Now, while gene-based drugs will undoubtedly play an important role in our medical future, there were of course good reasons to be skeptical about the explosion in value of these companies, reasons having to do with the uncertain status of intellectual property in the field (that is, can you patent a gene?), the recent problems encountered by gene-based therapy, and the sheer vagueness of what "sequencing" the entire human genome would actually mean. But investors rather sunnily overlooked these potential stumbling blocks in favor of a single-minded focus on the utopia--both medical and business--that lay ahead. At least they overlooked them until last week.

Since last Monday, the Nasdaq biotech index has fallen 28 percent, and today alone it fell 12.5 percent. Unlike many other sector rotations, though, which often appear to be prompted by nothing more than a "change in investor sentiment," today's decline had an explicit cause, namely the joint announcement by Bill Clinton and Tony Blair that "raw fundamental data on the human genome, including the human DNA sequence and its variations, should be made freely available to scientists everywhere." Many investors have been assuming, correctly or not, that a fundamental element of the genomics business will be the ability to patent individual genes, which will presumably give companies the sole right to develop drugs using those genes. Just last week, in fact, Celera broke off negotiations for a partnership with the Human Genome Project because it demanded (sensibly enough for a profit-seeking company) to retain exclusive commercial rights to any products that were developed by the partnership. The Clinton/Blair statement, with its implications of completely free access to any sequenced data, seemed to cast a shadow over the future profitability of the industry. Even more striking was a follow-up statement by Clinton press secretary Joe Lockhart, who said that the announcement meant that genes should not and would not be patented.

In response to the statement, the biotech companies have taken great pains to insist that sequencing the human genome alone was never going to be their key source of profitability, and that just as financial companies are able to make lots of money using freely available information, the key for drug companies was always what they could do with the information, not the information itself. This seems plausible, but it's certainly true that the immediate disclosure of sequence data will eliminate a source of competitive advantage, since it's a lot easier to develop a better gene-based drug than your competitors if your competitors don't even know that a given gene exists. At the same time, while those investors who dumped their stocks in a panic today should have realized that sequencing alone wasn't going to make a company like Celera a success, it's also the case that such companies have certainly spent enough time trumpeting the importance of their sequencing efforts that investors can be forgiven for accepting the hype.
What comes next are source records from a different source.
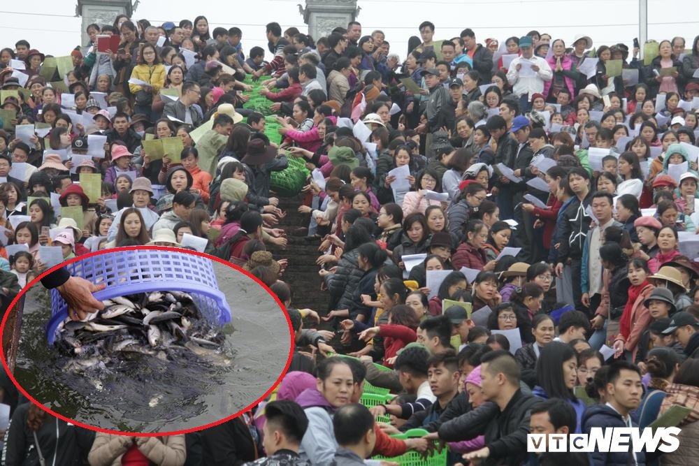 Năm nay, ban tổ chức đã phóng sinh khoảng 10 tấn cá, chủ yếu là cá chép, mè, trắm xuống sông Hồng, đoạn trước cửa đình Bát Tràng.
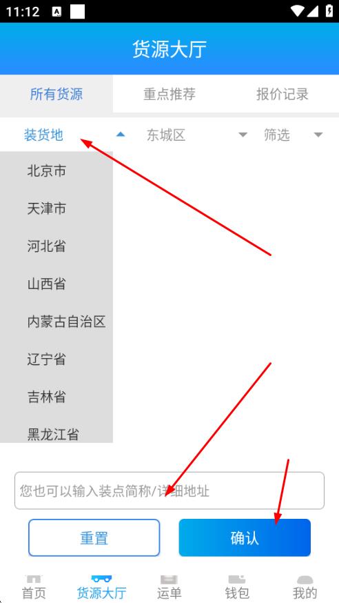 2、在貨源大廳頁(yè)面,點(diǎn)擊裝貨地選項(xiàng),選擇或輸入裝貨地點(diǎn)后,點(diǎn)擊確認(rèn),篩選符合需求的貨源。
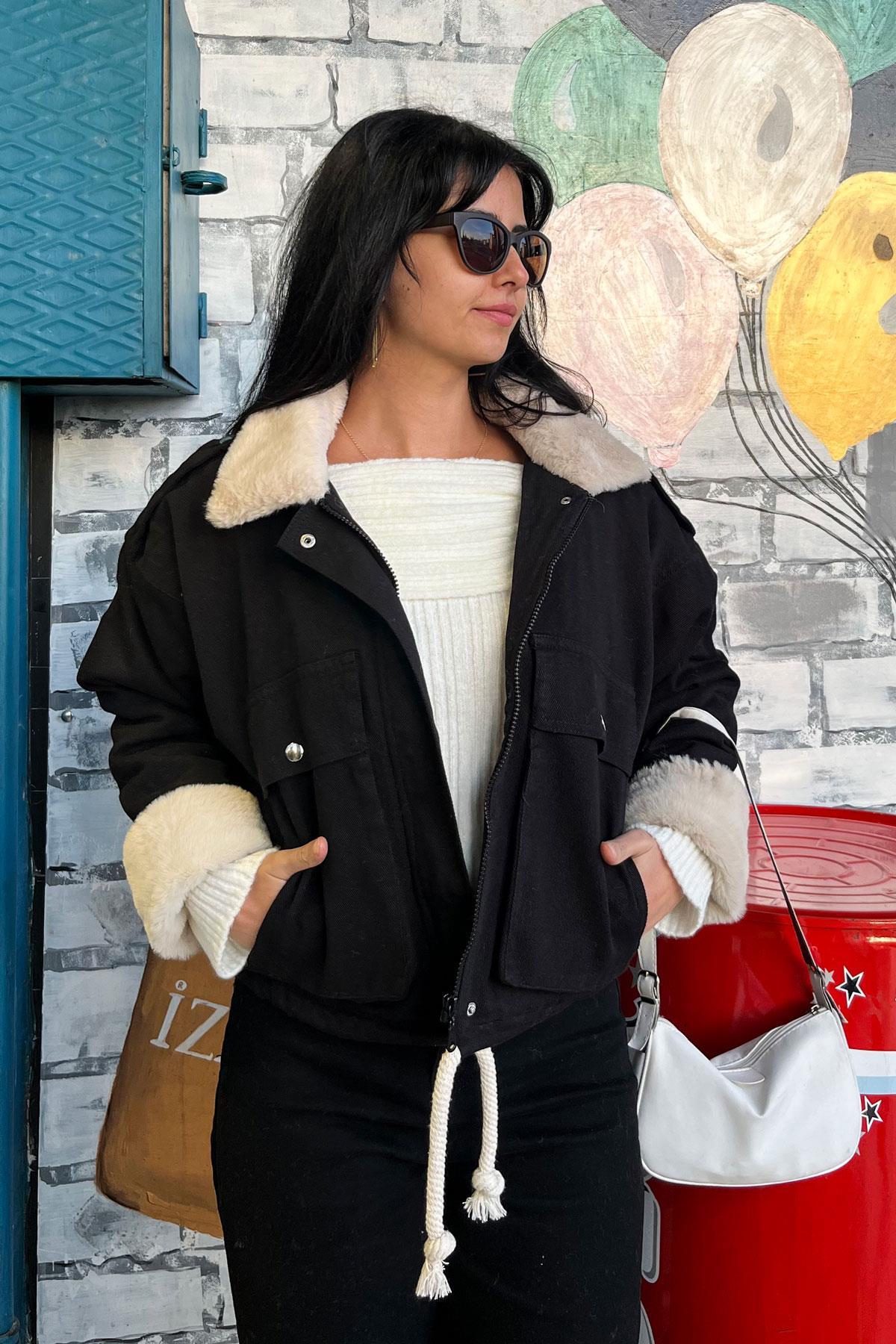 Omuz Apoletli Peluş Detay Kot Mont - Siyah
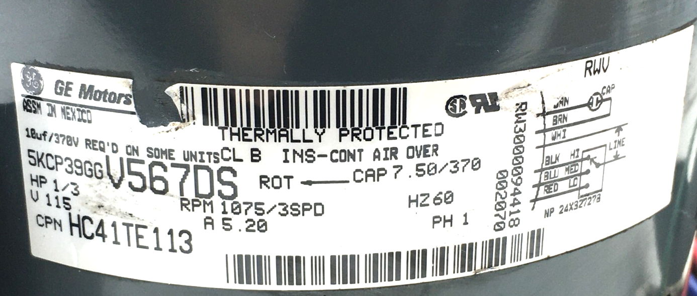 This is GE Motors 5KCP39GGV567DS Blower Motor 1/3HP 1075RPM 3SPD 115V HC41TE113 used part.

Clinton and Blair did say that "intellectual property protection for gene-based inventions" would be essential, but they did not really explain what "gene-based" meant, though it certainly sounds more like patent protection for new drugs rather than for the genes themselves. In a way, in fact, the statement ends up asking as many questions as it answers, which isn't surprising given how complicated intellectual-property law has become. (To take just one example: Is there a difference between inventing something and discovering it?) And while questions are good things, they're not what investors want to hear when they're buying stocks with nosebleed valuations.